This is what a typical day looks like for Stanton – steadily busy and somberly demanding, but rarely exotic, bodyguards notwithstanding. He’s paid $88,000 annually; according to the Arizona Republic, more than 1,000 city employees make more.
Stanton is matter-of-fact about the time demands of his job. His kids, he notes, like to see him at their games, but understand if he has to roar off after. He carries around sports equipment in the car for impromptu games of catch with them when he has free time. Otherwise, he works out at his local YMCA most mornings; he teaches a class on leadership and ethics at Downtown’s Summit Law School.
“I’m pretty boring,” he says over coffee at the Urban Beans Café on Seventh Street. “All I really care about is playing basketball with my kids and the city.”
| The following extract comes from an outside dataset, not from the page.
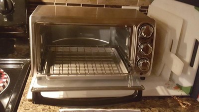 [This review was collected as part of a promotion.] This is a great little addition to my kitchen; it's a bit larger than our toaster was, but does so much more. Bake, broil, toast; there are 5 different settings, plus a temperature control and timer. The tray on the bottom is for catching crumbs, there's also a rack with a tray that can be slid in and out in case you cook something that might bubble over. I use it most mornings for toasting a bagel while I fix a cup of coffee.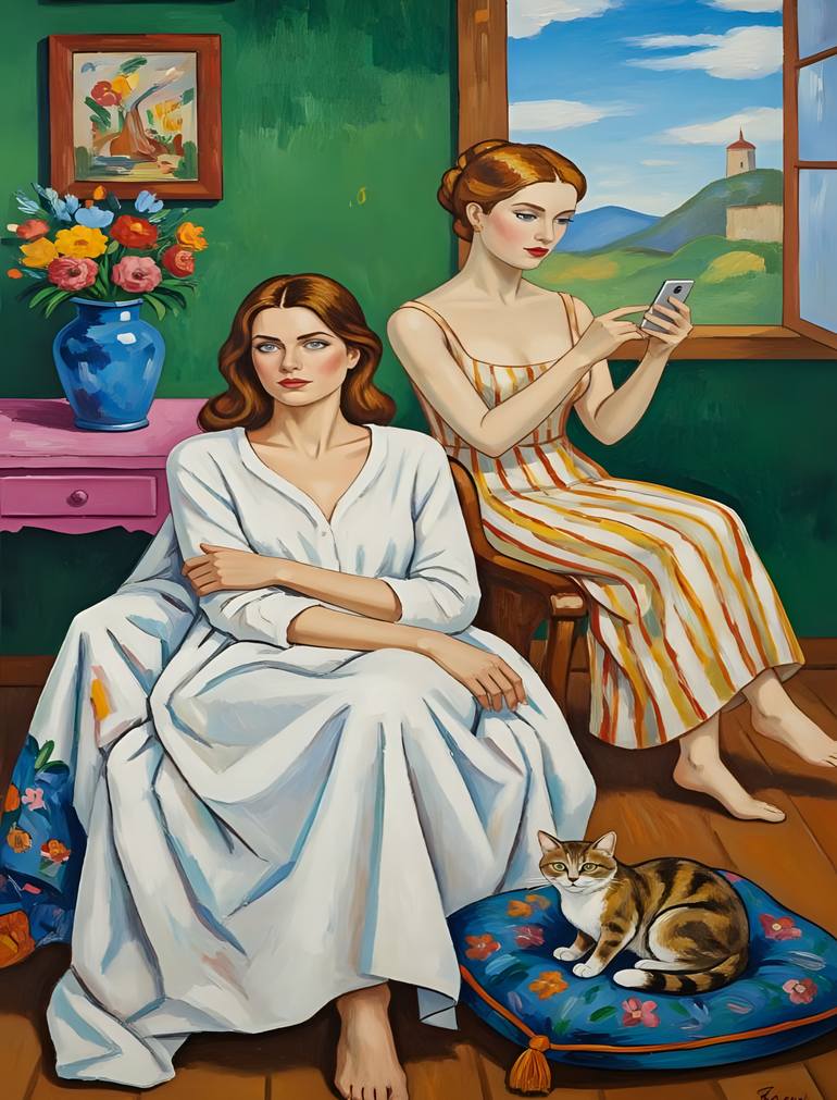 Tuscan Interlude (Original Painting on Canvas - Figurative / Contemporary Realism) A captivating narrative painting that bridges classical elegance with the quiet realities of the modern age. "Tuscan Interlude" presents a beautifully composed scene that invites the viewer into a moment of shared ye...

A few days later, the mayor and his father, Fred Stanton, sit in the living room of the small house he grew up in, just off Dunlap on the west side of town, around the corner from Cortez High School, which Stanton attended in the 1980s. The house is plain and unprepossessing, like father and like son. In a dining room next to the kitchen, the elder Stanton has covered the walls, floor to ceiling, with pictures and paraphernalia about his four children and their families. His pride in them all is evident; the mayor doesn’t figure any more prominently than the others.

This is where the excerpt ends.